February 5, 2018, a leading accounting firm said in an internal audit obtained by POLITICO, that one of the Pentagon’s largest agencies couldn’t account for hundreds of millions of dollars’ worth of spending, (curiously just as President Donald Trump was proposing a boost in the military budget.)

On August 13, 2018, President Donald Trump signed a military budget boosting the Pentagon’s spending by $82 billion in the next year—a spending increase that dwarfs the entire military budgets of most other nations on Earth. (Russia, for example, will spend an estimated $61 billion on its military this year). With the increased spending included in this year’s National Defense Authorization Act (NDAA), the Pentagon will get to spend more than $700 billion next year. The budget hike was a priority for Trump and was approved by Congress as part of a March spending deal that saw spending on both defense and domestic programs hiked by about $165 billion—smashing through Obama-era spending caps.

On September 17, 2018, it was reported that the Pentagon had massively overestimated, for the second fiscal year in a row, how much its new retirement system would cost.

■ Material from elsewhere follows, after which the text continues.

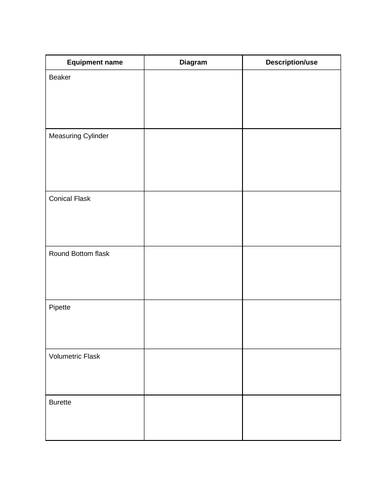 Chemistry Equipment Worksheet Teaching Resources | TpT The Chemistry Lab Equipment Differentiated Graphic Organizer in Worksheet and Foldable Styles (Digital and Printable) focuses on laboratory equipment students will use the chemistry lab. Both styles complement distance, hybrid, and traditional learning. The resource can be printed on paper or filled out digitally online.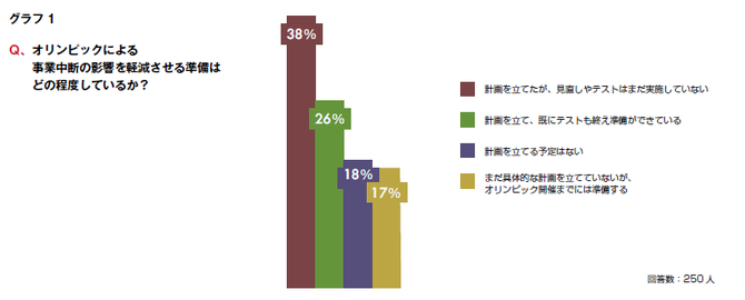 それによると、オリンピックによ る事業中断の影響を軽減させる準備はどの程度しているか?との問いに 対して、26%の企業が「計画を立て、既にテストも終え準備ができて いる」と回答。38%の企業が「計 画を立てたが、見直しやテストまで は実施していない」とした。また、17%の企業が「まだ具体的な計画 を立てていないが、オリンピック開 催までには準備する」と回答。 「計画を立てる予定はない」との回答は 18%にとどまり、8割以上の企業が、対策の必要性を認識しているこ とが明らかになった(グラフ1) 。

All that is required is a quick search of the Pentagon and their funding requirements to discover that this is a game that has gone on for a long time. There seems to be a budget for some and a black budget for others in the government.  In the end, it is the taxpayers that are flipping the bill for all the spending. In a Dec. 8 Forbes column that he co-authored with Laurence Kotlikoff, Skidmore said the “gargantuan nature” of the undocumented federal spending “should be a great concern to all taxpayers.”

The fact that these previous reports along with the revelations of Dr. Skidmore and Catherine Austin Fitts have not caused people to become enraged is surprising. This just seems to show that the general public view towards the current levels of greed and corruption are still complacent.  Although the US dollar as a reserve currency may allow the government to get away with many of their spending habits and shadow budget operations for the moment, the day it’s removed will cause some serious repercussions. 

We can already see many signs of the international community getting frustrated with strong arm tactics by the US and adjusting appropriately in order not to be held hostage anymore by the US dollar reserve status.

Reuters recently reported, 

“The U.S. dollar’s share of currency reserves reported to the International Monetary Fund fell in first quarter of 2018 to a fresh four-year low, while euro, yuan and sterling’s shares of reserves increased.” 

It is no longer a matter of if, but when.